The device of choice is a hash. Loop through the first list and, for each key, set $$hash{$key1} = 0. &nbs; Now, having processed the first list entirely, on to the second list... if (exists($$hash{$key2}) { $$hash{$key2} = 1; }. When that second loop is finished, every hash-table entry having a value of 1 represents entries which occur in both lists. Notice that you can, in just these two loops, simultaneously find present-in-both values for both node and, separately, link.

The next step, then, is to loop through both lists once final time. This time, you consider only node and link values that are known to be present in both lists. You construct a hash-key that consists of a concatenation of both values, e.g. "$node::$link". The keys that you put into this final hash-table are those which are known to be highly likely to be a double-match.

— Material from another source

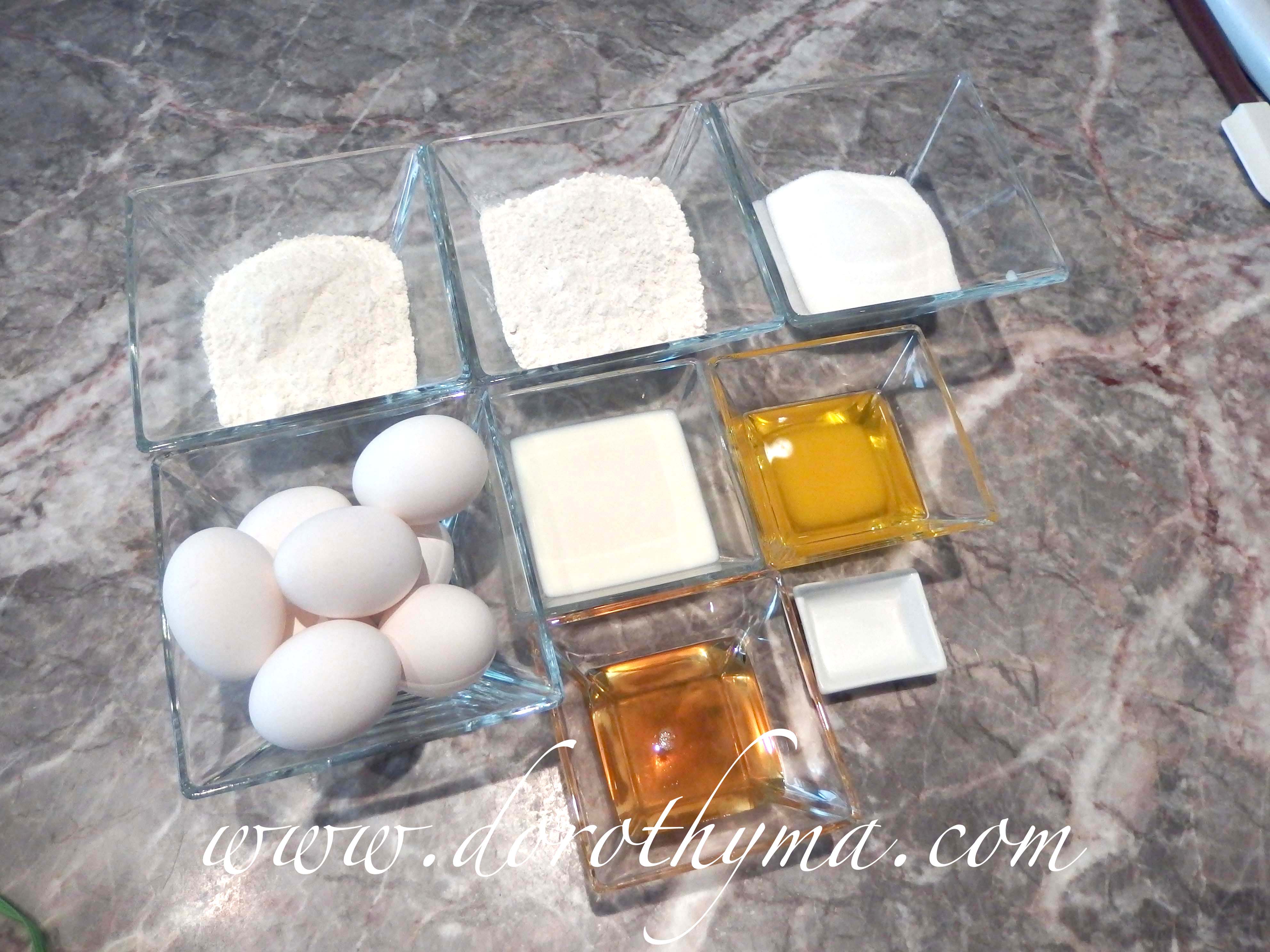 材料方面相當簡單,包括:雞蛋4隻、砂糖62克、蜂蜜60克、鹽少許、牛奶60克、低筋麵粉72克、高筋麵粉62克、已溶牛油25克,這個份量可做一個6吋圓形的蛋糕。

This strategy would achieve the answer having made three full-length passes through both lists. Memory can be reclaimed in each case by deleting hash-entries that do not contain the value 1 after the conclusion of the second loop of each pair.

The algorithm is suggested on the presumption that duplicate keys are a usefully-small percentage of the total.

As a footnote: what you are doing here is called a merge as well as an inner join and this approach is based on the plentiful-memory assumption that omits both of two possible alternatives which would require minimal if any programming:

Putting the data into (say...) an SQLite database file, then executing an INNER JOIN query.
Sorting two files identically using the sort command-line command and then merging the resulting files with the merge command-line command (of a Unix or Linux system).

If you have to do a lot of stuff like this, or you want to do a bunch of ad-hoc work with this data, SQLite (and maybe Perl, of course) might be just the ticket. Quite an amazing piece of software... (And, so is Perl!)